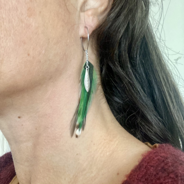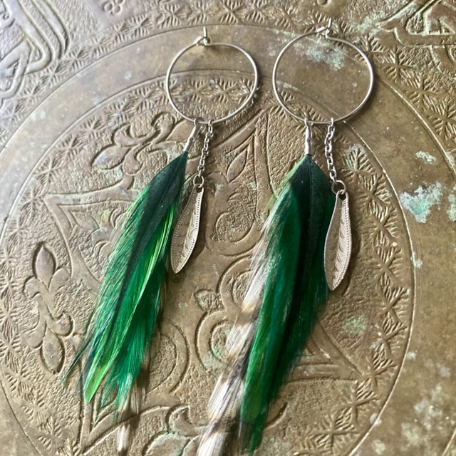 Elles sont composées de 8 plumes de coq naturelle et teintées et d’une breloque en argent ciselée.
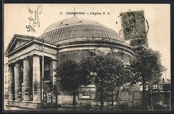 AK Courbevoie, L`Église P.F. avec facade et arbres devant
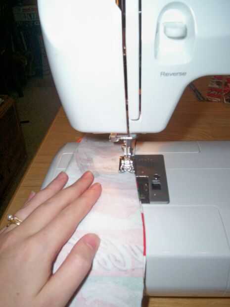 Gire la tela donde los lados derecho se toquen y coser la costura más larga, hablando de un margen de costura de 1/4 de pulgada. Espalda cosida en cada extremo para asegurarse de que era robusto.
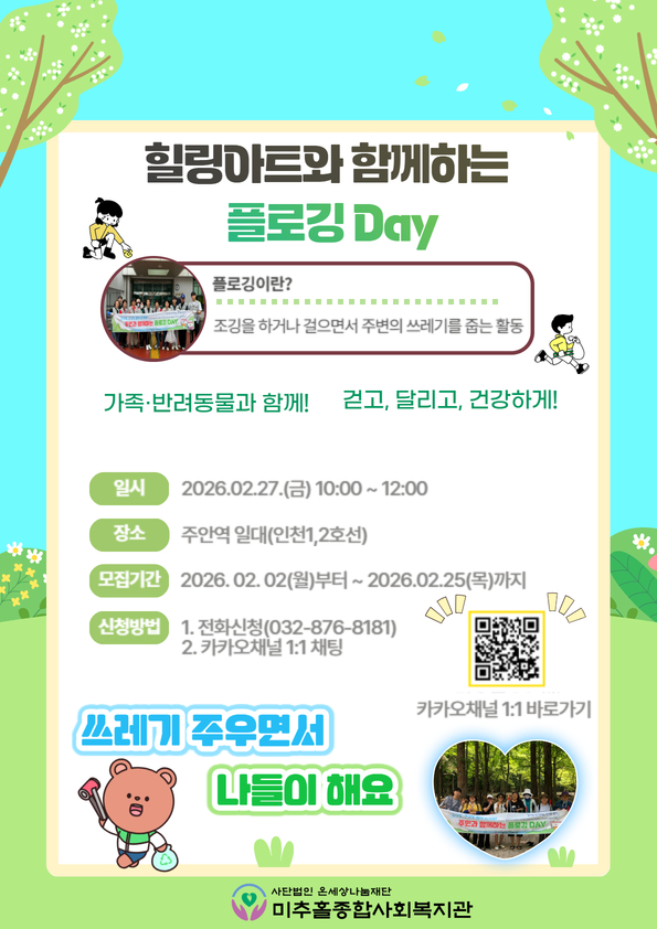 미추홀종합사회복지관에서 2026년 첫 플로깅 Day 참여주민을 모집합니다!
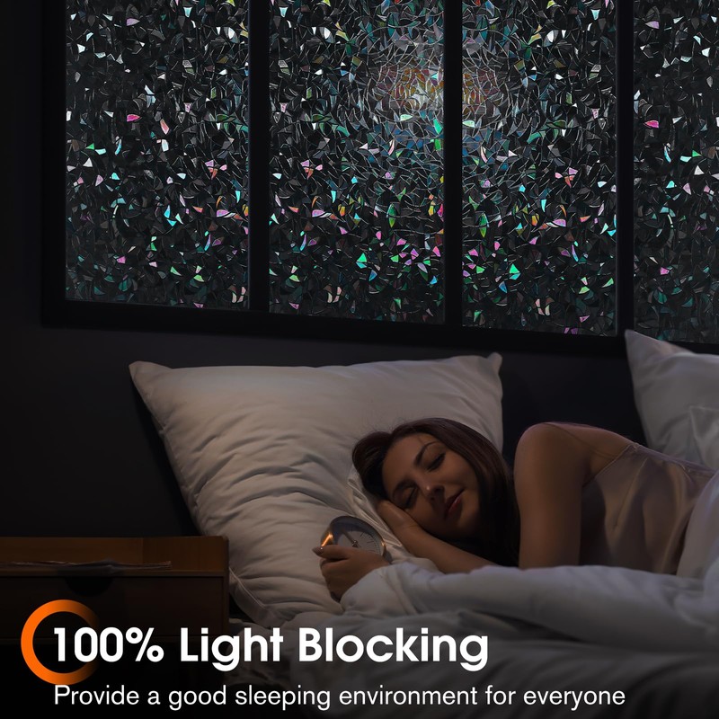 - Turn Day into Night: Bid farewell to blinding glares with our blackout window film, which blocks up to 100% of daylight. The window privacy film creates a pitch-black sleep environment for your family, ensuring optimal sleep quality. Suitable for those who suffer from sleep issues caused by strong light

++++++

Task to complete ->
Find the line with "Gire la tela" in the entries above. Set down exactly every line from it up to and including the line with "미추홀종합사회복지관에서 2026년 첫 플로깅 Day 참여주민을 모집합니다!", images excluded.

Answer section ->
 Gire la tela donde los lados derecho se toquen y coser la costura más larga, hablando de un margen de costura de 1/4 de pulgada. Espalda cosida en cada extremo para asegurarse de que era robusto.
 미추홀종합사회복지관에서 2026년 첫 플로깅 Day 참여주민을 모집합니다!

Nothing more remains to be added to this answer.